If there was no weight the problem would be to sample from a stream with equal probability: Sample the first input from the stream. Given the k-th input from the stream, generate random number p=1..k, if p=1 replace the sample.
Now, the problem is that selection is no longer uniform but driven by 'weight'. One can use very similar approach: (i) cumulate the weights seen so far and (ii) decide wheather to replace based on current weight and cumulated value.

A sample code is shown below:

public int getRandom(InputStream str) {
	Scanner sc = new Scanner(str);
	int sum = 0, sample;

	while (sc.hasNext()) {
		int val = sc.nextInt();
		int wgt = sc.nextInt();
		if (wgt == 0 && val == 0) 	break;
		sum += wgt;
		int p = Math.random()*(double) sum;
		if (p <= wgt)				sample = val;
	}
	
	return sample;
}

EDIT:
As some people requested, here is a proof of the simpler problem:

The goal is to find a random sample from the stream.

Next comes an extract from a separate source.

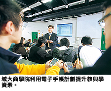 城大商學(xué)院獲獎(jiǎng)的電子手帳計(jì)劃已推行三年,目前約有2,000名同學(xué)參與計(jì)劃,突顯城大致力營(yíng)造先進(jìn)科技教學(xué)環(huán)境,促進(jìn)學(xué)生學(xué)習(xí)。該系統(tǒng)可以讓學(xué)生在大班課堂上運(yùn)用電子手帳回答導(dǎo)師問(wèn)題,並即時(shí)得到導(dǎo)師的回應(yīng)。此外,學(xué)生參加課外活動(dòng)時(shí),可在課堂以外用電子手帳上網(wǎng)及下載教學(xué)材料。城大管理學(xué)系助理教授蘇慧珊博士認(rèn)為,電子手帳便於講師即時(shí)知道是否達(dá)到設(shè)定的教學(xué)目標(biāo),同學(xué)也可即時(shí)知道自己在課堂上的表現(xiàn)。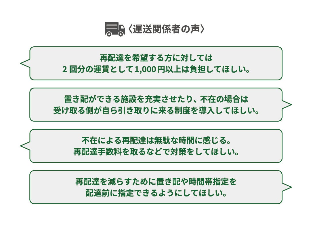 運送関係者からは、(仮に宅配の場合)「再配達を希望する方に対しては2回分の運賃として1,000円以上は負担してほしい」、「置き配ができる施設を充実させたり、不在の場合は受け取る側が自ら引き取りに来る制度を導入してほしい」など、有料化やトラックドライバーの負担を軽減するための対応策を求める声が多くあがりました。

After receiving the k-th input, the sample will be replaced with probability 1/k with this new input. Let's compute a probability that the first input is still the selected ranodm sample after k iterations. Several consecutive events must happen: (i) The first input is selected as a sample and (ii) the sample is never replaced afterwards.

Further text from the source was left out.